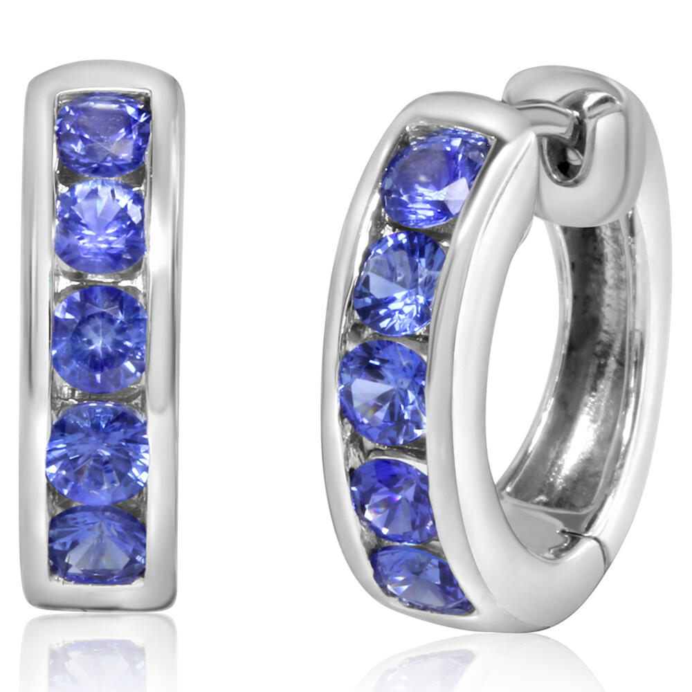 14K White Gold Sapphire Hoop Earrings. Total gem weight: 1.50 ct.
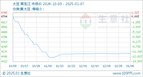1月7日,生意社大豆基准价为4144.00元/吨,与本月初持平。
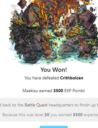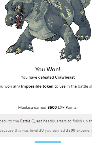 You Won! You have defeated Crithbolcan You won a(n) Impossible token to use in the battle shop! widowmaker earned 3500 EXP Points! Head back to the Battle Quest headquarters to finish up this quest! Because this was level 30 you earned 3500 experience!
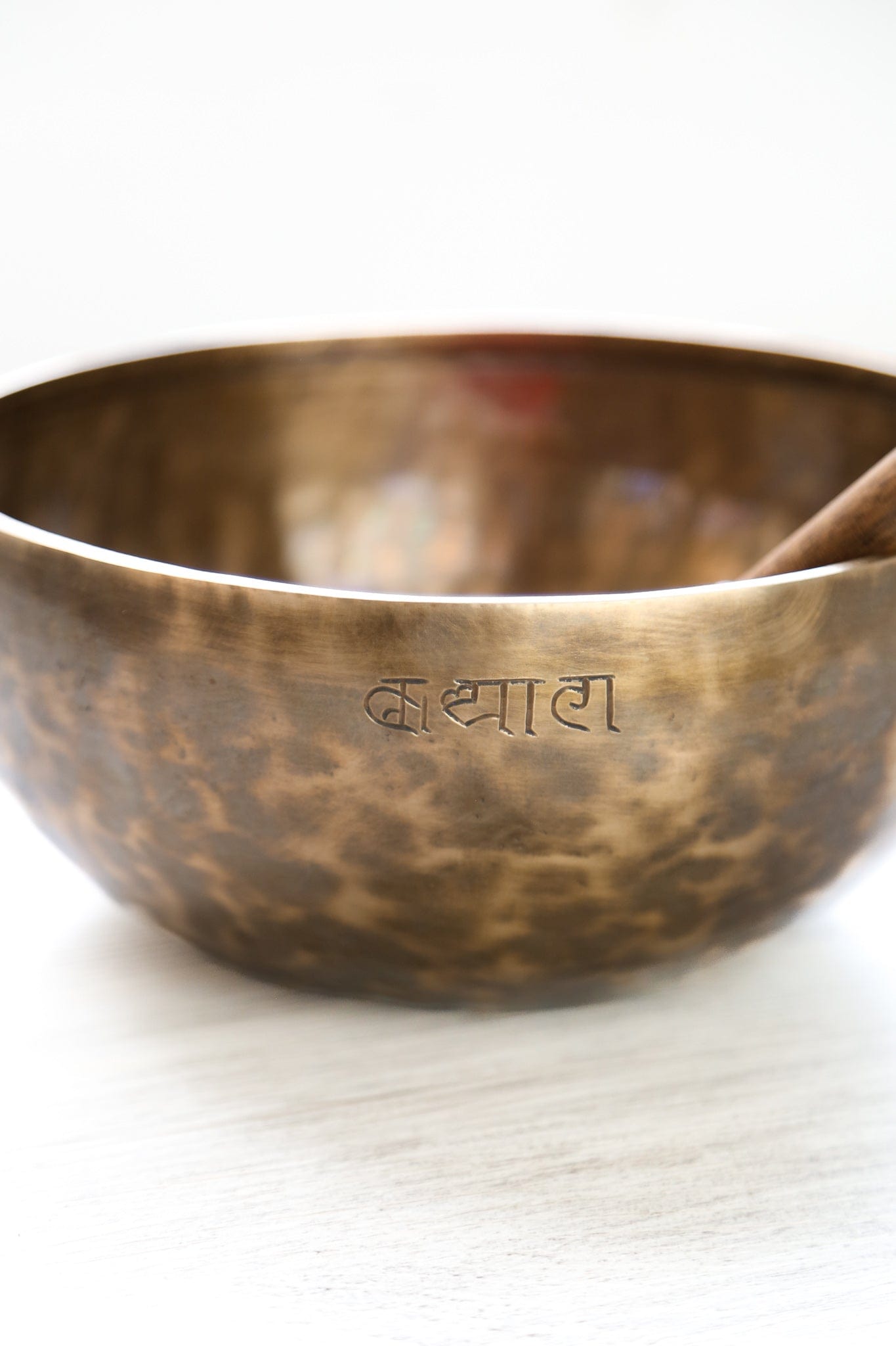 Each bowl features gorgeous hand carved details including an exclusive Full Moon Singing Bowl stamp and the mantra of compassion in Tibetan script. The mantra invokes the powerful benevolent attention and blessings of Chenrezig, the embodiment of compassion. The Full Moon Singing Bowl stamp is also known as a symbol of longevity and happiness.
═══
## Prompt
Reproduce every line of the data above, exactly as it stands, but not the pictures.

## Exercise solution
 14K White Gold Sapphire Hoop Earrings. Total gem weight: 1.50 ct.
1月7日,生意社大豆基准价为4144.00元/吨,与本月初持平。
 You Won! You have defeated Crithbolcan You won a(n) Impossible token to use in the battle shop! widowmaker earned 3500 EXP Points! Head back to the Battle Quest headquarters to finish up this quest! Because this was level 30 you earned 3500 experience!
 Each bowl features gorgeous hand carved details including an exclusive Full Moon Singing Bowl stamp and the mantra of compassion in Tibetan script. The mantra invokes the powerful benevolent attention and blessings of Chenrezig, the embodiment of compassion. The Full Moon Singing Bowl stamp is also known as a symbol of longevity and happiness.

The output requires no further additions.